Data mining techniques will be used to filter, select, customize, and deliver the right doses of information in the right format and the right context. Data will be accessible and useful at all times, since all organizations and all individuals will connect at will to the vast store of human knowledge. When the data tone is cut off or interrupted, we will feel as uncomfortable and find it as disturbing as when we experience a disruption in electricity, transportation, or communications today. Raw human abilities, without the proper data mining tools, will stand helpless in the high-dimensional massive data universe. Our ability to harvest benefits from the vast data stores will rely entirely on the algorithms and mathematics of data mining.

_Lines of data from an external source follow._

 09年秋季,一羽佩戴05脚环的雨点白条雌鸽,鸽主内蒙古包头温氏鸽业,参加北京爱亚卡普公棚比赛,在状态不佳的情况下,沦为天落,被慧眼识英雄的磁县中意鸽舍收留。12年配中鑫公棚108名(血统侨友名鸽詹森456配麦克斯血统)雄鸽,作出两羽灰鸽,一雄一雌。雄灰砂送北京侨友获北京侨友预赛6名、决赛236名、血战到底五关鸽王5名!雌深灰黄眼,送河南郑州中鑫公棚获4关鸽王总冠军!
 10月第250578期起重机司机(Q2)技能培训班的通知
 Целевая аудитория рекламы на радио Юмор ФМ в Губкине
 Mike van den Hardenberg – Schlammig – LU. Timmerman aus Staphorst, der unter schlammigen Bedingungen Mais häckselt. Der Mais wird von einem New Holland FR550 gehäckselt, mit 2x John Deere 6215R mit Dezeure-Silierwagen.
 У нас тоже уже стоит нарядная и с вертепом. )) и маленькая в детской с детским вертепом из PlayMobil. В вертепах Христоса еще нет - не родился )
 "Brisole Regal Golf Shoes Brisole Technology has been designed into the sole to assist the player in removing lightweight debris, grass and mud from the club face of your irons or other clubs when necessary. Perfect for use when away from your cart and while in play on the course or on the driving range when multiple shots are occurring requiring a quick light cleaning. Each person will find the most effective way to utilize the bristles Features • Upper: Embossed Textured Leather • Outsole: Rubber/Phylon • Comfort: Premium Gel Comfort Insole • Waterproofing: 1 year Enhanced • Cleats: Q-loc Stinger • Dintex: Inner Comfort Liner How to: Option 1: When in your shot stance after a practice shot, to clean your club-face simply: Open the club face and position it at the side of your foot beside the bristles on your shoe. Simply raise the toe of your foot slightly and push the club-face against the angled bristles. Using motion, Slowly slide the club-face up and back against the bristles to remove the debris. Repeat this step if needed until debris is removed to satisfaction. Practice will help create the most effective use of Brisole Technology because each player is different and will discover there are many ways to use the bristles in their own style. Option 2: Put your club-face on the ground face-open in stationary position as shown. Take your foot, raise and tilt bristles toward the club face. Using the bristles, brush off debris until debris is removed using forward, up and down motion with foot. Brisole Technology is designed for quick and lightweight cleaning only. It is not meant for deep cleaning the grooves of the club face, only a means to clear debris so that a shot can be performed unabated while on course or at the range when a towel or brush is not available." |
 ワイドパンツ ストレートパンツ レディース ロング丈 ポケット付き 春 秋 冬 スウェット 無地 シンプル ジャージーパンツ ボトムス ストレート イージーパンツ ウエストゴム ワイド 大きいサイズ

Accurate modeling of data is the ultimate form of data compression. If we derive the generative distribution describing a data set, we can reduce terabytes and petabytes of data to a single formula. These compact summaries of data become the ultimate portable data stores and can serve to answer queries and quickly navigate the data. Data mining will enable the ultimate transformation of the physical, via the digital, to the mathematical instantiation. The reduction of data to its generative principles is the ultimate form of detective work.

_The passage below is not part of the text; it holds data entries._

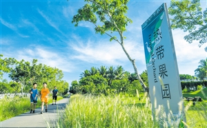 在海口的各大公园入口,如万绿园、五源河湿地公园、海口白沙门公园、海口美舍河凤翔湿地公园等,都能看到中英文对照的简介标识标牌,再跟着景观平台(Landscape Platform)的指向牌走,就可轻松开启公园休闲之旅。
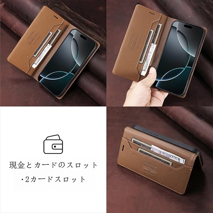 Google Pixel 8a 用 手帳型 スマホケース 財布型 [RFIDブロッキング] カード収納付き 高級PUレザー 耐衝撃 マグネット式 スタンド機能 全面保護 (ブラウン, Google Pixel 8A)
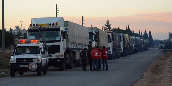 وتحرص الحكومة السورية على إيصال المساعدات إلى المواطنين في مختلف المناطق إضافة إلى تقديم جميع التسهيلات لضمان وصول المساعدات التي يقوم الهلال الأحمر بالإشراف على إيصالها لجميع المتضررين من الحرب الإرهابية على سورية وذلك بالتعاون مع الأمم المتحدة والصليب الأحمر.
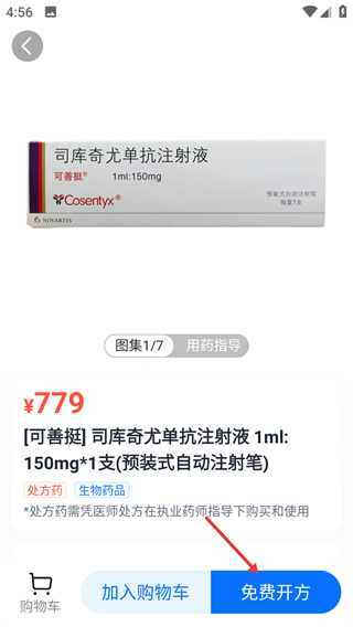 4、在藥品詳情頁點(diǎn)擊【免費(fèi)開方】按鈕,推進(jìn)該處方藥的處方申請(qǐng)流程,處方藥需憑醫(yī)師處方購買及使用。
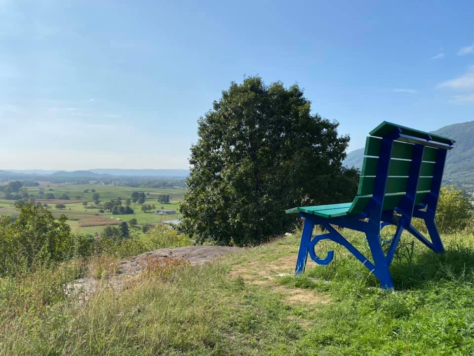 La panchina gigante verde-blu, numero 184, del territorio di Borgofranco d’Ivrea è collocata in Località Montebuono in un punto panoramico e contemplativo raggiungibile con una breve passeggiata a piedi tra le vigne.
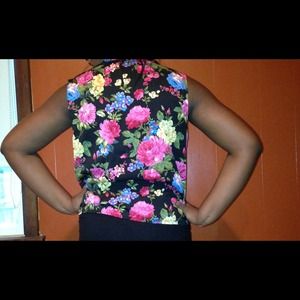 Cute button down floral print shirt with tie in the front. Barely worn. Size says XL but fits smaller. (Large) Looks new. 🎀
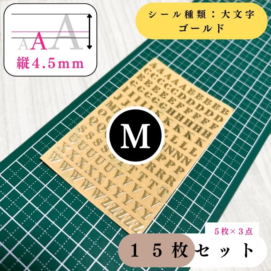 【全3色】【縦4.5mm】アルファベットシール 大文字 15枚セット|ゴールド, シルバー, レッドゴールド|ハンドメイド素材・レジン・文字【5枚入りより低単価】【一定金額で送料0円】
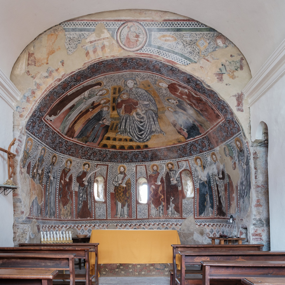 Nel 1432, il committente Domenico Pago, chirurgo di origine marchigiana, si trasferisce qui dove conduce una vita eremitica. Il suo impegno per la cura della chiesa di Santa Maria, allora diroccata, si esprime anche nella volontà di abbellire le superfici interne, la cui realizzazione è affidata ad un frescante di cui non si conosce il nome, denominato dagli studi “Maestro del chirurgo Domenico della Marca d’Ancona”. Il pittore, qui impegnato nel 1440, affresca completamente le pareti dell’abside con la Teoria degli Apostoli e la calotta dove spicca una raffinata Madonna in trono affiancata da santi e sante, e dal committente in ginocchio.
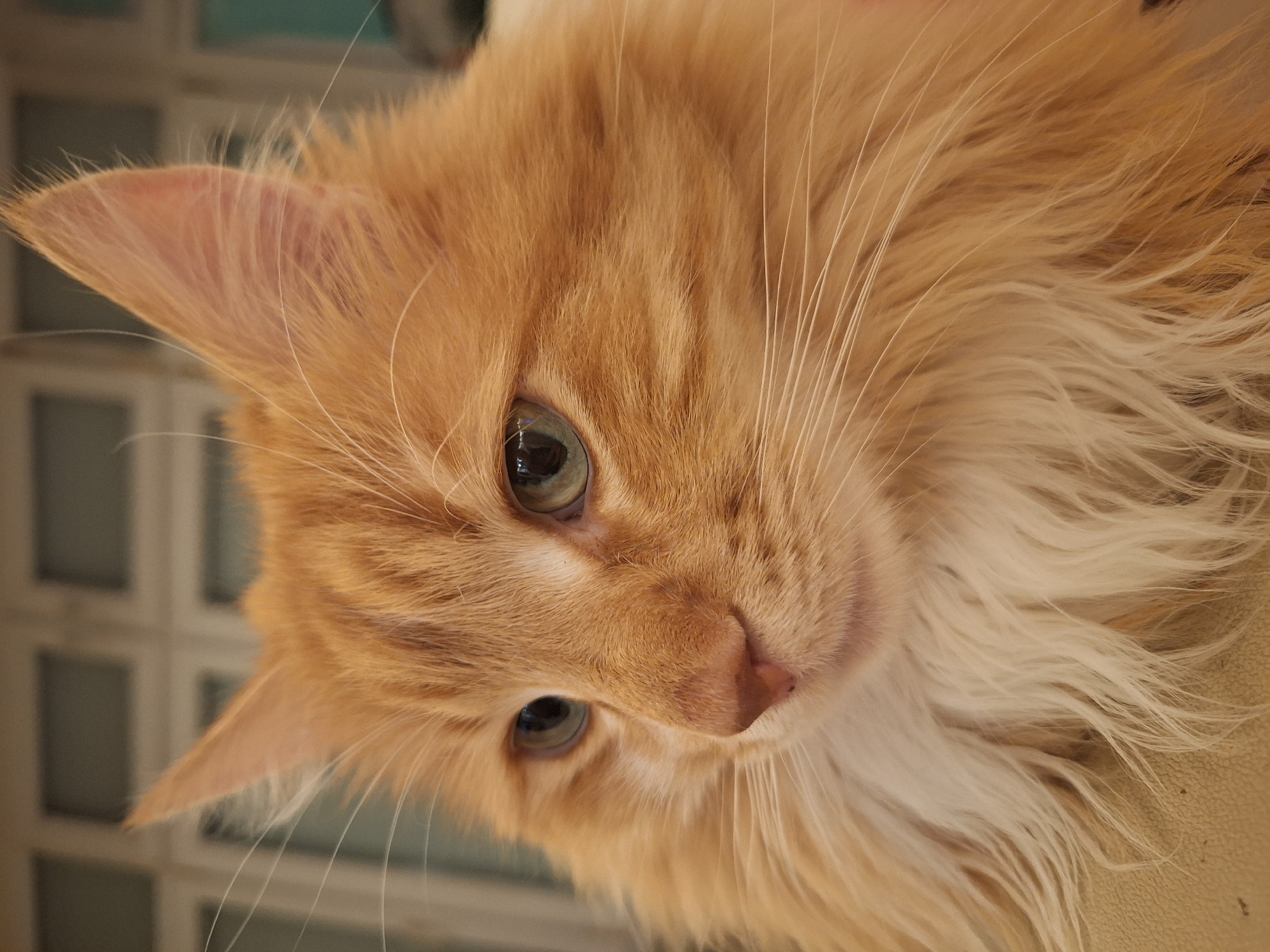 - "A close-up, indoor shot depicts an orange tabby cat with green eyes" by FM-rIr6y1, licensed under CC BY 4.0
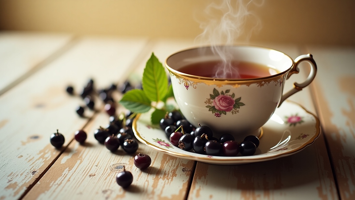 Чай с ягодами черной смородины – Заваривается из сушеных или свежих ягод и обладает ярким фруктовым вкусом.
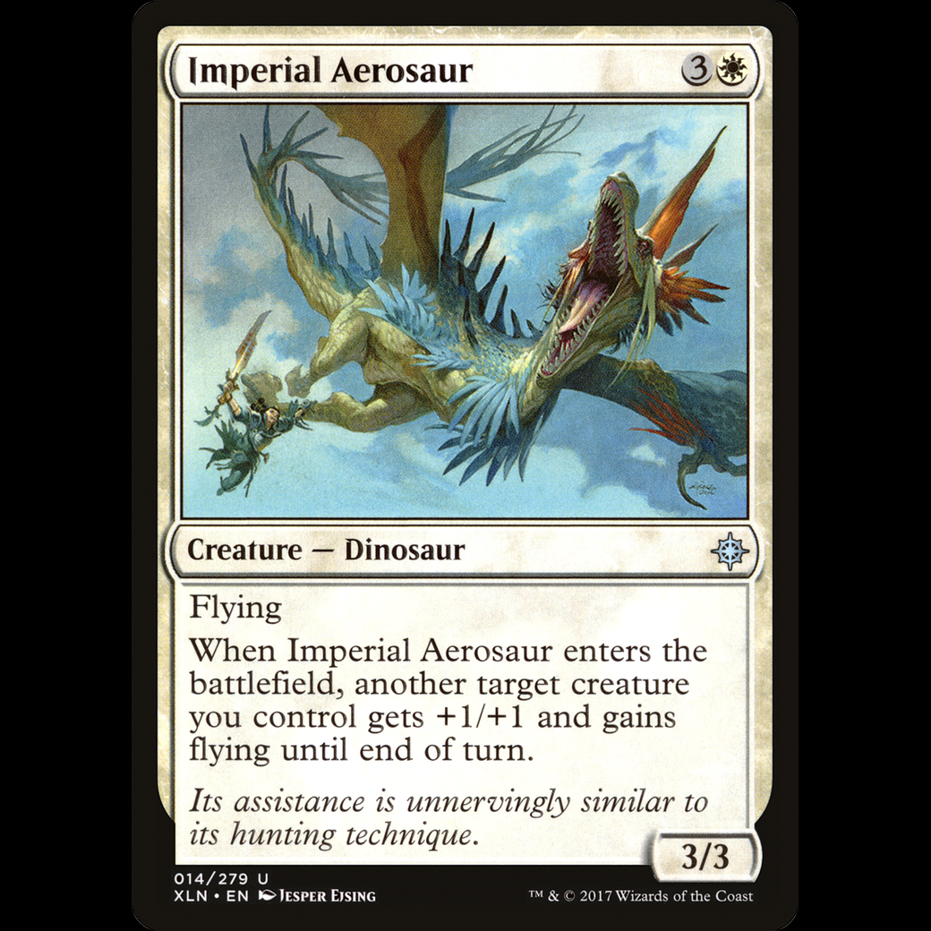When Imperial Aerosaur enters the battlefield, another target creature you control gets +1/+1 and gains flying until end of turn.

Some worry about privacy and the ability of governments and other organizations to fully know and hence control the behavior and even the thoughts of individuals. I remain optimistic. With every advance in technology comes an advance in our individual ability to move faster or disappear more effectively. Information countermeasures will evolve to allow individuals to control which of our information properties make it into the vast data banks, how and by whom they are accessed, and how they are moved around. With more information (not with data overload) also comes the ability to make better individual decisions and choices. Moreover, data mining tools can work both ways—also helping individuals figure out when their space is being mined inappropriately.

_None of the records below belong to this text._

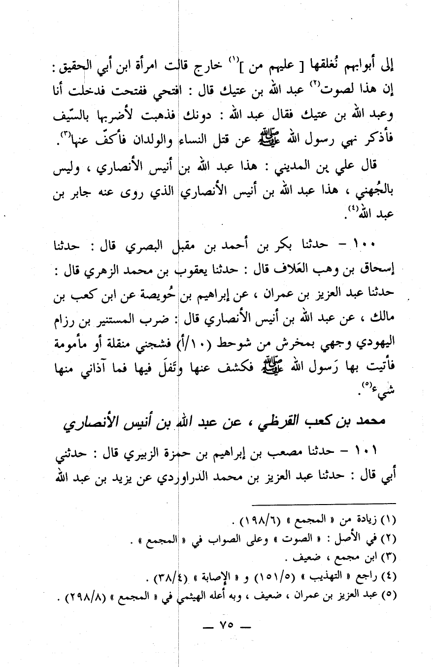 100 - حَدَّثَنَا بَكْرُ بن أَحْمَدَ بن مُقْبِلٍ الْبَصْرِيُّ، قَالَ: حَدَّثَنَا إِسْحَاقُ بن وَهْبٍ الْعَلافُ، قَالَ: حَدَّثَنَا يَعْقُوبُ بن مُحَمَّدٍ الزُّهْرِيُّ، قَالَ: حَدَّثَنَا عَبْدُ الْعَزِيزِ بن عُمَرَانَ، عَنْ إِبْرَاهِيمَ بن حُوَيْصَةَ، عَنِ ابْنِ كَعْبِ بن مَالِكٍ، عَنْ عَبْدِ اللَّهِ بن أُنَيْسٍ الأَنْصَارِيِّ، قَالَ:"ضَرَبَ الْمُسْتَنِيرُ بن رِزَامٍ الْيَهُودِيُّ وَجْهِي بِمِخْرَشٍ مَنْ شَوْحَطٍ، فَشَجَّنِي مَنْقَلَةً، أَوْ مَأْمُومَةً، فَأَتَيْتُ بِهَا رَسُولَ اللَّهِ صَلَّى اللَّهُ عَلَيْهِ وَسَلَّمَ، فَكَشَفَ عَنْهَا، وَتَفَلَ فِيهَا فَمَا آذَانِي مِنْهَا شَيْءٌ".
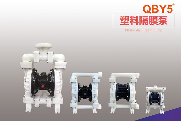 QBY5系列氣動隔膜泵工作原理:在隔膜泵的兩個對稱工作腔中,各裝有一塊有彈性的隔膜,連桿將兩塊隔膜結成一體,壓縮空氣從泵的進氣接頭進入氣閥室后,推動兩個B工作腔內的隔膜,驅動連桿聯結的隔膜同步運動。與此同時,另一工作腔中的氣體則從其隔膜的背面排出泵外。當活塞達到行程終點,閥機構則自動的將壓縮空氣引入另一工作腔,推動隔膜泵朝反向運動,這樣就形成了兩個隔膜的現步往復運動。每個工作腔中又設置兩個單向球閥,隔膜的往復運動,造成工作腔內容積的改變,迫使兩個單向球閥交替的開啟和關閉,從而使液體連續的吸入和排出。
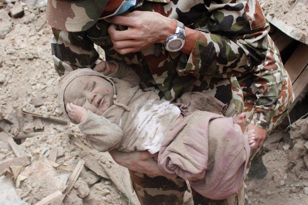 2. This photo of a Nepalese Army soldier rescuing a living baby 22 hours after the Nepal Earthquake
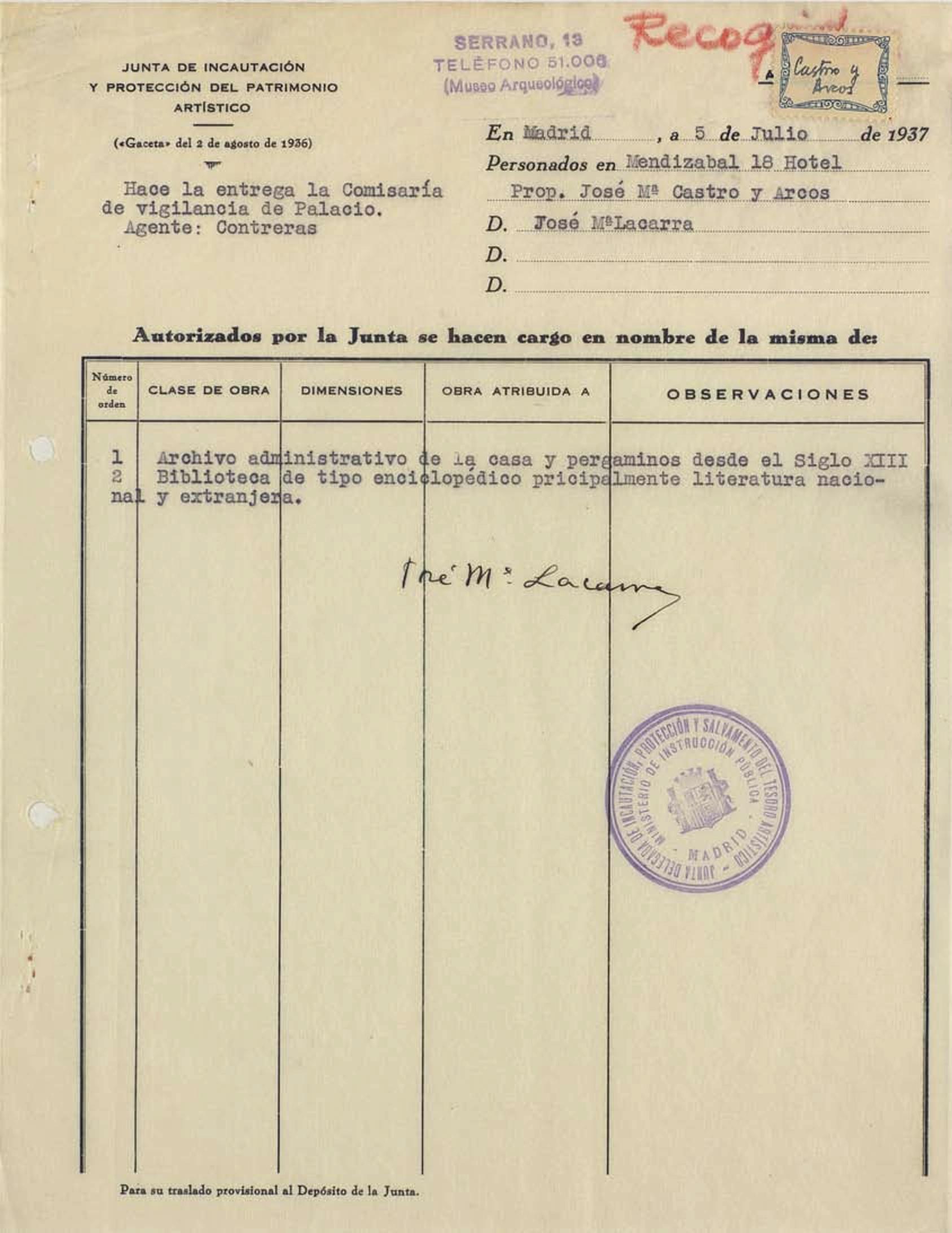 Acta de incautación de José María Castro y Arcos
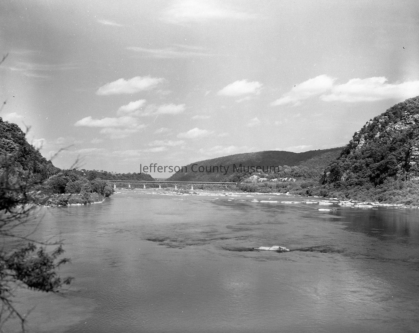 Harpers Ferry Gap. The Potomac River and Maryland Heights on the left, the Shenandoah River and Loudoun Heights on the right, The Gap and White Horse Rapids in the center of the photograph. In the distance are the Route 340 bridge over the Potomac River and Short Hill Mountain.

Since competition is part of our human nature, wars will be waged over this information. Data banks will be held hostage and robbed. Magnificent digital libraries will be destroyed. The destruction of the ancient library at Alexandria, Egypt, will be repeated at ever larger scales in the cyberworld. Some nations will overtake others due to some edge in information infrastructure or data navigation and mining techniques. Information borders will evolve, and some descendants of data mining techniques will be classified as weapons. As in all endeavors in human history, nothing will drive progress in the field as fast as the data wars and the data mining arms race. We see it beginning in the business world today, while some encryption algorithms are being classified as restricted munitions by the U.S. government.

I am most excited by the prospects of the new mathematics and theory that will evolve to help us deal with and understand the digital information landscape. Our current abilities and understanding of the digital information environment are primitive compared with our abilities to model and understand the physical (analog) environment. Imagine what digital physics will give us as the equivalent of nuclear weaponry once we learn to crack the atoms of information. The consequences of unleashing data’s tremendous latent information will be bewildering, exhilarating, even frightening.

In the same vein, my imagination fails to begin to visualize the wonders we will discover as data mining evolves into the effective cybernavigation science of tomorrow. I envy the early discovery expeditions into the new world of data. A wondrous journey awaits us all.